Tuesday 28 September 2010

Pliny the Elder

This morning Marilyn called me to look out of the bedroom window. A heron stood on the lawn with a large goldfish in its mouth. That goldfish was my friend. For years I fed it every day and watched it grow from a tiddler into a magnificent specimen. I loved the way that it rose to the wheatgerm pellets that I threw into the pond. The heron struggled to lift off from the lawn and sat on a rooftop working out how to gulp its huge prey down into its gullet. I could only watch in despair.
Pliny was a Roman general who put together as much of the existing knowledge of his day. He always travelled with a book or someone to read him a book. he claimed in his writings to have consulted 20,000 works of knowledge. In practice he had consulted 37,000 works including art, natural history and astronomy. Pliny saw nature as beneficent towards human beings but sometimes cruelly unaware of them. He saw nature as infinite, human beings as finite. For instance by examining the beauty of insects we could become aware of the majesty of nature. We were at the centre of nature but at times our curiosity to us beyond our boundaries. We always had to keep in mind that by exploiting natural resources we could damage the earth. He insisted that we had to be useful to nature. If we acted out of greed we were exploiting our resources.
How relevant to modern day are those views? The BP oil disaster and many tanker spillages show us how human greed goes way beyond human need. What a calling he gave us to live within our resources.

Wednesday 1 September 2010

Early learning of new born babies

Having a grand daughter is a strange experience. You find yourself loving the baby as much as you love your own children. You see hints of behaviour and mannerisms that reflect your own family genes, a fraction of recognition there. When a man sees his own child it reassures him to see likenesses in her face. he will bond more deeply to the child if he sees something of himself in her. Carrying her around I have been telling her things in French and German. A friend called Rose who understands child development told me that she is not ready for that yet. According to one of Melvin Bragg's contributors a baby can hear 600 sounds when they are born. That number is selected down to about 60 sounds by 12 months. A baby will pick up any language but their ability to learn other languages will be enhanced if they have heard the rudiments of their own language first. When they start to show dominance of one hand over the other they are ready to start with the next language, and the next...That could be at about 18 months.
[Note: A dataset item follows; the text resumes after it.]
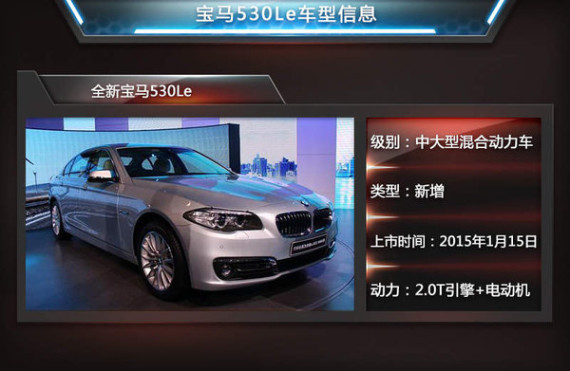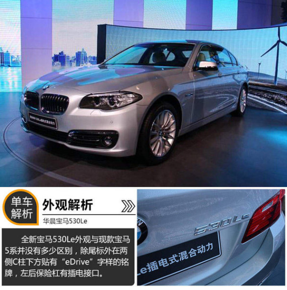 在2014年广州国际车展上华晨宝马530Le全球首发,该车是华晨宝马旗下首款插电式混合动力车型。近日,从华晨宝马官方透露:宝马530Le将于今日在上海宝马品牌体验中心正式上市。据了解,新车基于国产长轴5系打造,外观方面与传统动力车型差别不大。动力方面,其混合动力系统由一台2.0T涡轮增压汽油机与永磁电机构成,可实现外接充电式插电,百公里油耗仅为3.8L。

At first the baby will listen and cry in different tones. From working with many children in craniosacral therapy I have heard a baby growl or grizzle, (gurning in Scotland). We have all heard that shriek of real pain like colic, or felt them muzzling away to find a source of milk. Babies try out all kinds of facial expressions. After about 10 weeks the vocal chords stretch and the voice box descends into the larynx. They lose the ability to swim naturally under water. Indeed they would choke after that until they learn to swim properly.
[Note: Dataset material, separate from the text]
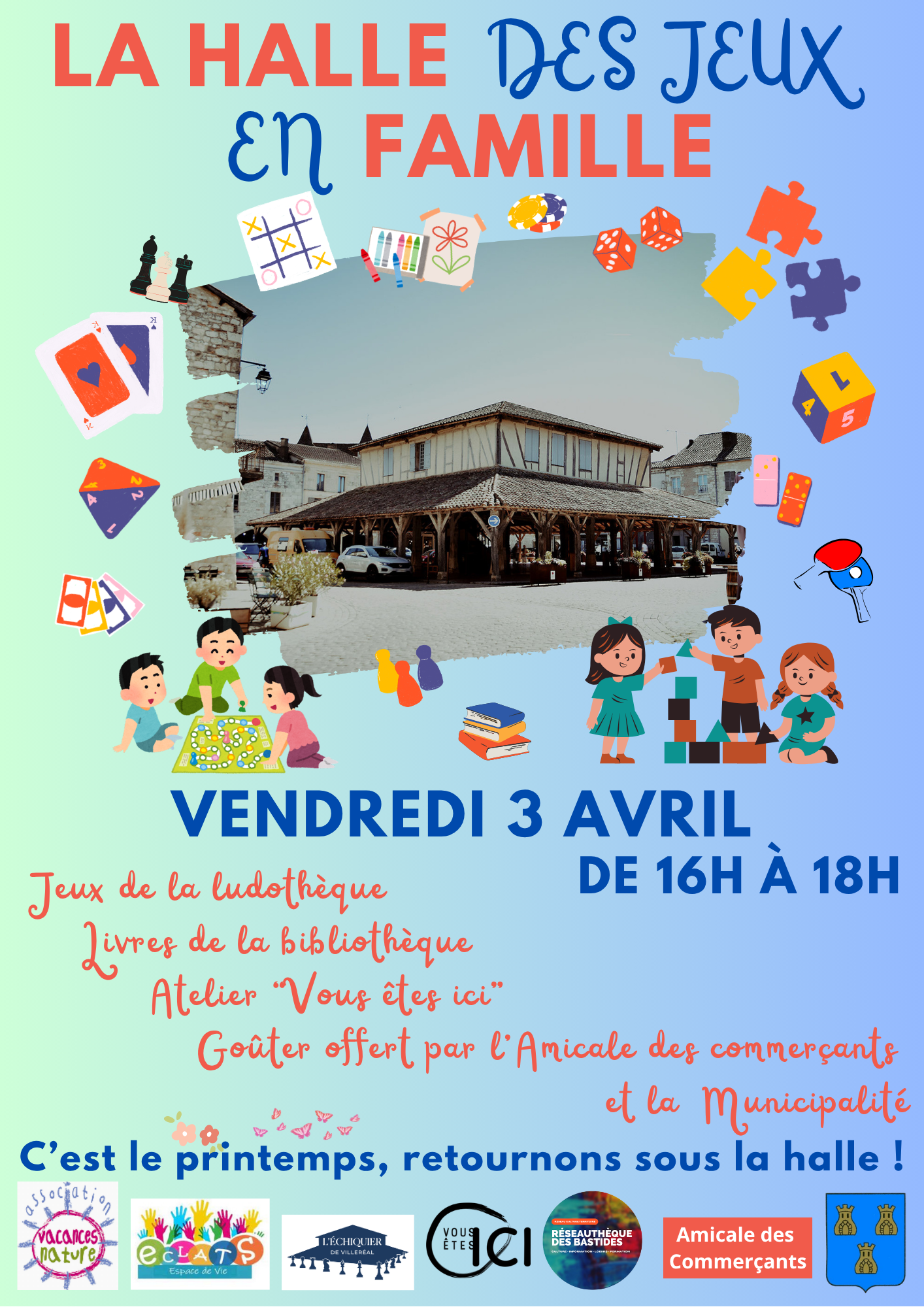 Pour fêter l'arrivée des vacances de Pâques, Vacances Nature - via la Ludothèque du Centre Social ECLATS - invite enfants et familles à passer un moment convivial sous la halle, ce vendredi 3 avril à l'heure de la sortie !

It still amazes me that a new born baby is a fully grown human personality that has just dropped in on the world. They are blessed with a super computer for a brain. Computers as we know, run on solid state electronics. The human nervous system is far more adaptable because it runs in a fluid medium. Each nerve pathway has junctions called synapses. Electric currents shoot down a pathway, meet a synapse and jump the gap by means of neurotransmitters like acetyl choline. Each type of neurotransmitter can alter the way that the messages jump the gaps. Computers have a long way to go to match the human brain. Even our belief that we are either left brain logical thinkers or right brain intuitive thinkers is challenged by the brain. There are approximately 300 million connections between the left and right sides of the brain. You can alter your left or right dominance by training your other hand to perform tasks. Initially a baby will hold its hands in the centre, in its mid line. As it reaches out to grasp objects it brings them back to the mid line again. By doing this they are establishing their spacial map or proprioception. The cerebellum or 'little brain' co-ordinates where we are in space and how to balance our movements.